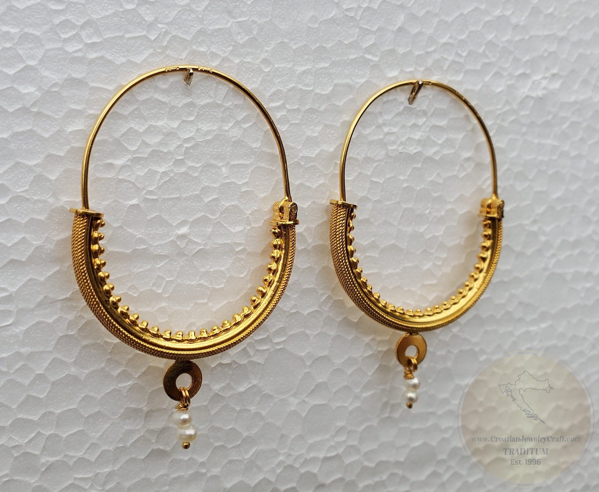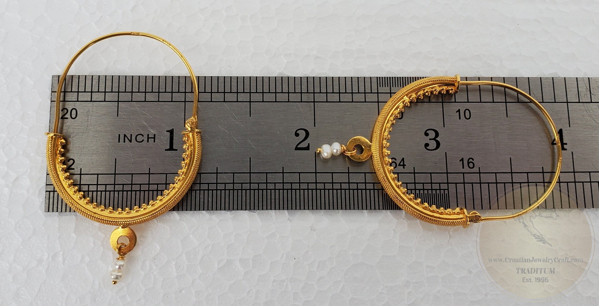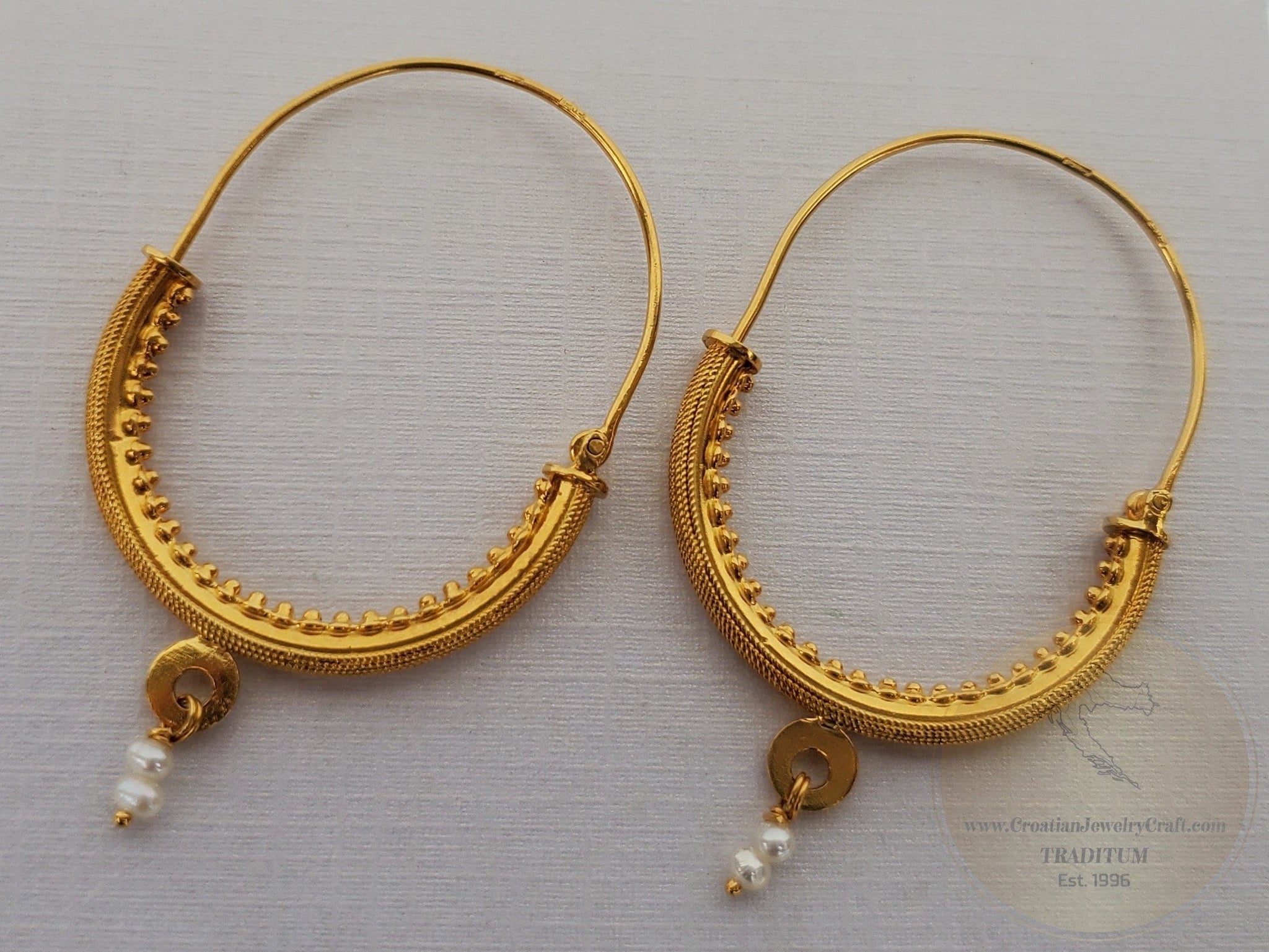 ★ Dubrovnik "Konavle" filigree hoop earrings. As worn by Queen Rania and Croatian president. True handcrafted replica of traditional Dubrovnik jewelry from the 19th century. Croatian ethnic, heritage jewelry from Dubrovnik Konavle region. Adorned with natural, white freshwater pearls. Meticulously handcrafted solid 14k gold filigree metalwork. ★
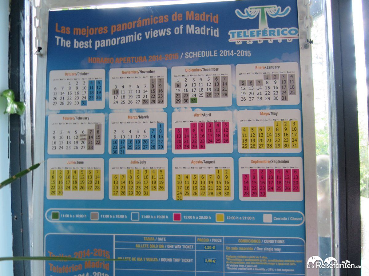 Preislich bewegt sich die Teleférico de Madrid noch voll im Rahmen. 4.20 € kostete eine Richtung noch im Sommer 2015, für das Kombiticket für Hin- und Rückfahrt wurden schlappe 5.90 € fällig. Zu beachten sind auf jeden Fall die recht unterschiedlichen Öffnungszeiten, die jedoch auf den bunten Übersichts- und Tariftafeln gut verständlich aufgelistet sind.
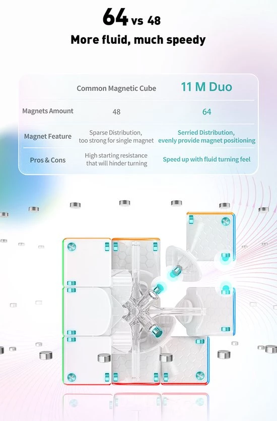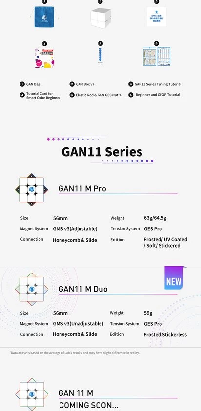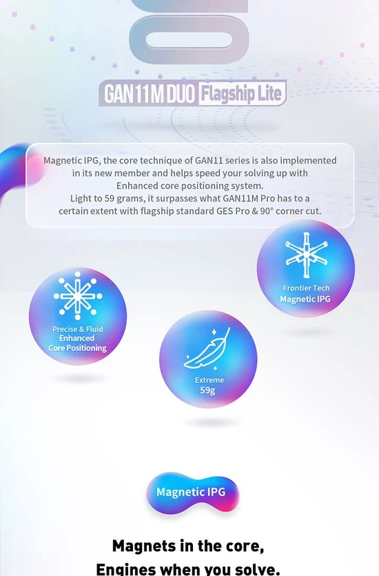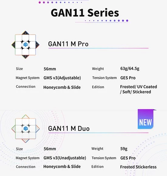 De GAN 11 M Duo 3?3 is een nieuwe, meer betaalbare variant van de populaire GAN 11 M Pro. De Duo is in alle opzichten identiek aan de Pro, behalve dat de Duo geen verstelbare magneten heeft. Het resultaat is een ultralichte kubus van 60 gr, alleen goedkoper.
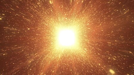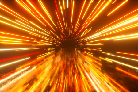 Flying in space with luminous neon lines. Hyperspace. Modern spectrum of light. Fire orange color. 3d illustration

▬▬▬▬▬▬

Please reproduce nothing but the lines from the one containing "De GAN 11 M" through the closing line of the listing, retyped word for word, pictures excluded.

 De GAN 11 M Duo 3?3 is een nieuwe, meer betaalbare variant van de populaire GAN 11 M Pro. De Duo is in alle opzichten identiek aan de Pro, behalve dat de Duo geen verstelbare magneten heeft. Het resultaat is een ultralichte kubus van 60 gr, alleen goedkoper.
 Flying in space with luminous neon lines. Hyperspace. Modern spectrum of light. Fire orange color. 3d illustration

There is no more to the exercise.